A quicky on JSON

Posted on August 15, 2016 in misc

JSON

JSON is a data format that is used for storing or exchanging information and exchanging information. But JSON is human readable and easy to parse. And most importantly it is structured.

A simple example of json:

{
  "name": "jason",
  "age": 24,
  "gender":"male"
}

Fundamentally a json can be built using two things:

Key Value pairs:

You can also call them as property value pairs. Imagine you are collecting data for a classroom. Then your data should store values of properties related to the classroom or students. Some of properties you can consider are "student_id", "name", "class" etc. The json for it would look something like this:

{
  "student_id": "514300234324",
  "name":"bran",
  "class":"12"
}

list :

Some times the value of a property can be a list of values ( not just one value).
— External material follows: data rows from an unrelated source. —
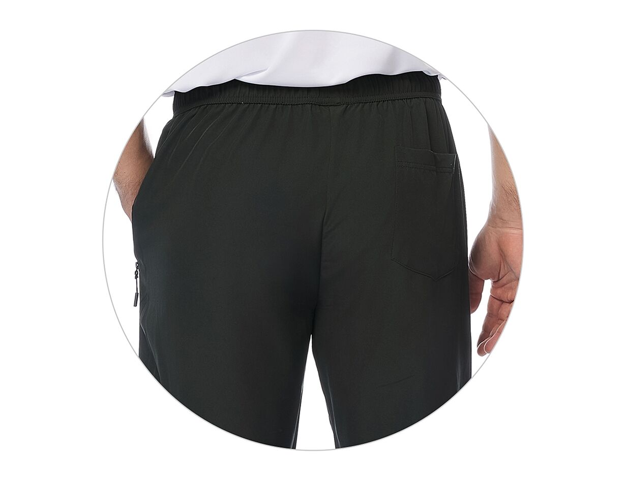 Detalhes: Cós com elástico, cordão ajustável e bolsos funcionais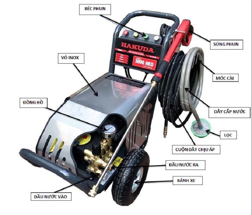 CẤU TẠO MÁY RỬA XE CAO ÁP VÀ NGUYÊN LÝ HOẠT ĐỘNG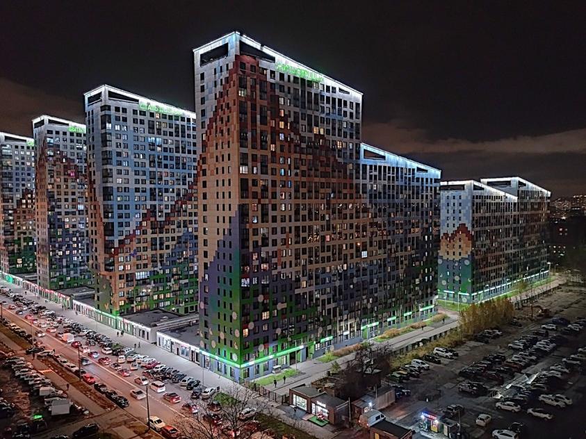 Дворы закрыты для въезда машин. Здесь устроены детские игровые площадки и зоны отдыха. В комплексе предусмотрена большая прогулочная зона с велосипедными и роликовыми дорожками. Свой детский сад. Есть собственный кинотеатр Юность и целая торговая улица. Также есть наземный многоуровневый паркинг.

The below example shows that:

{
  "hero": "ironman",
  "powers": ["cool", "ironSuit", "intellignet"]
}

nested JSON:

A JSON object inside another JSON:

{
   "id" : "1234",
   "name": {
             "firstName": "jason",
             "lastName": "b"
         }
}

JSON library

As you can see any of the above examples are easily readable. Similarly they are also easily parsable. To parse JOSN data in python we shall use the json library.

The json library parses the JSON data from either the files or the strings. It converts the JSON data into a python dictionary and viceversa.

Consider the following JSON string:

In [50]:
json_string = '{ "name": "brian", "age": 24, "gender":"male", "skills": ["programming", "musician"]}'

Lets parse this string using the python's json library:

In [53]:
import json
json_obj= json.loads(json_string)

And we can access the parsed data like this:

In [54]:
print json_obj["name"]
print json_obj["age"]
print json_obj["gender"]
print json_obj["skills"]
brian
24
male
[u'programming', u'musician']
### parsing JSON from files: If we remember, in the last chapter we have saved the all the twitter streaming data to a file called streamingData.json . We can use the json library to the parse the data in these files:
In [75]:
data=[]
with open('./streamingData.json', 'r') as jsonFile:
    for line in jsonFile:
        data.append(json.loads(line))
        
print "Total number of tweets loaded: ", len(data)
Total number of tweets loaded:  5662

All the tweets with their related information are stored in the list named "data". Lets check the different properties that a tweet has:

In [83]:
print data[0].keys()   # properties
print data[0]["text"]  # how to access the  tweet message itself
[u'contributors', u'truncated', u'text', u'is_quote_status', u'in_reply_to_status_id', u'id', u'favorite_count', u'source', u'retweeted', u'coordinates', u'timestamp_ms', u'entities', u'in_reply_to_screen_name', u'in_reply_to_user_id', u'retweet_count', u'id_str', u'favorited', u'user', u'geo', u'in_reply_to_user_id_str', u'lang', u'created_at', u'filter_level', u'in_reply_to_status_id_str', u'place']
#BaşbakanaSoruyorum atılan her iki twitten biri
Engelli Öğretmenlere ait, sn @handefrt nasıl
görmüyorsun bu. #EngelliOgretmenAlimiOlacakmi"

This is all the properties for one tweet. But for now we will only need actual tweet text and can ignore the rest of the other proprerties.

In [94]:
tweets = []
for item in data:
    if "text" in item.keys():
        tweet = item["text"]
        tweets.append(tweet)
    
print "total no of tweets extracted from json: ", len(tweets)
total no of tweets extracted from json:  5230

There is difference between the json objects count and tweets count becuase, not all json objects have tweets, some might just be empty.








To do:

Work on the twitter data that you have extracted in previous chapters:

  1. Try load the json from file into memory
  2. Check out the various keys for any one json object, there are some intresting data fields that can be used for different projects.
  3. Try extract the tweets alone from this json dataset.
In [ ]: